Voor een felicitatie vindt David Baden (41) het nog te vroeg. Het CGS mag de spoedeisende geneeskunde dan als medisch specialisme hebben erkend, de minister moet die erkenning nog wel bekrachtigen. “Ik ben nog wat voorzichtig”, laat de voorzitter van de beroepsvereniging van SEH-artsen (NVSHA) zich ontvallen terwijl we van de SEH in het Diakonessenhuis in Utrecht naar de brasserie lopen voor ‘lekkere koffie’. “Er is nog altijd een diepgewortelde angst dat de zorg duurder wordt door deze erkenning en dat we niet de samenwerker blijven die we nu zijn.”

Financiële vrees

De tegenargumenten veegt Baden van tafel zodra we terug op de SEH een lege ruimte hebben gevonden. “SEH-artsen zijn generalisten, we functioneren niet bij het uitsluiten van anderen, maar juist bij samenwerking, dát is onze kracht.” En over die financiële vrees: “We zijn in loondienst en zitten al in dezelfde salarisschalen als medisch specialisten, dus we gaan niet meer verdienen.
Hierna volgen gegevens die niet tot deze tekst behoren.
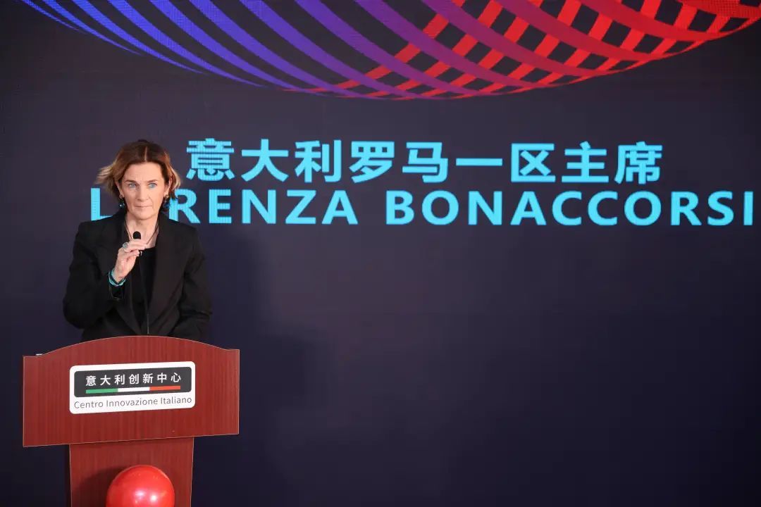 活动现场,董依雯、薛侃、周海鹰、Lorenza Bonaccorsi、金慧等与会嘉宾共同为意大利创新中心揭牌。
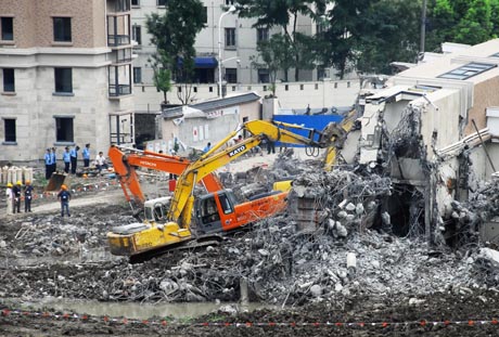 8月12日,上海市閔行區(qū)“蓮花河畔景苑”倒覆樓房拆除工作在前一段時間受阻后重新開始。8月11日,“蓮花河畔景苑”開發(fā)商———上海梅都房地產(chǎn)開發(fā)有限公司表示,7號樓拆除后不再重建,原址計劃增建公共設(shè)施,改善環(huán)境、降低容積率。新華社發(fā)

We hebben geen behoefte aan eigen DBC’s, maar als we die behoefte wel zouden hebben, kunnen we ook nu als profielarts, een eigen typeringslijst aanvragen bij de NZa. En nee, er komt ook geen extra behandellaag bij door deze erkenning. We zijn er al, we leveren deze zorg al en uit onderzoeken blijkt dat dat de doorlooptijden op de SEH verkort.”

‘SEH-artsen zijn generalisten, we functioneren niet bij het uitsluiten van anderen’

Baden ziet alleen maar voordelen: “Titelbescherming, een eigen register. In de eerste plaats is het fijn dat we gewaardeerd worden en dat hiermee de ongedifferentieerde patiënt een plek krijgt. Verder worden we juridisch gelijkgetrokken met andere specialismen, geeft het ons een gelijkwaardiger positie in het machtsspel in de zorg en krijgen we toegang tot subsidiestromen voor onderzoek en richtlijnontwikkeling.”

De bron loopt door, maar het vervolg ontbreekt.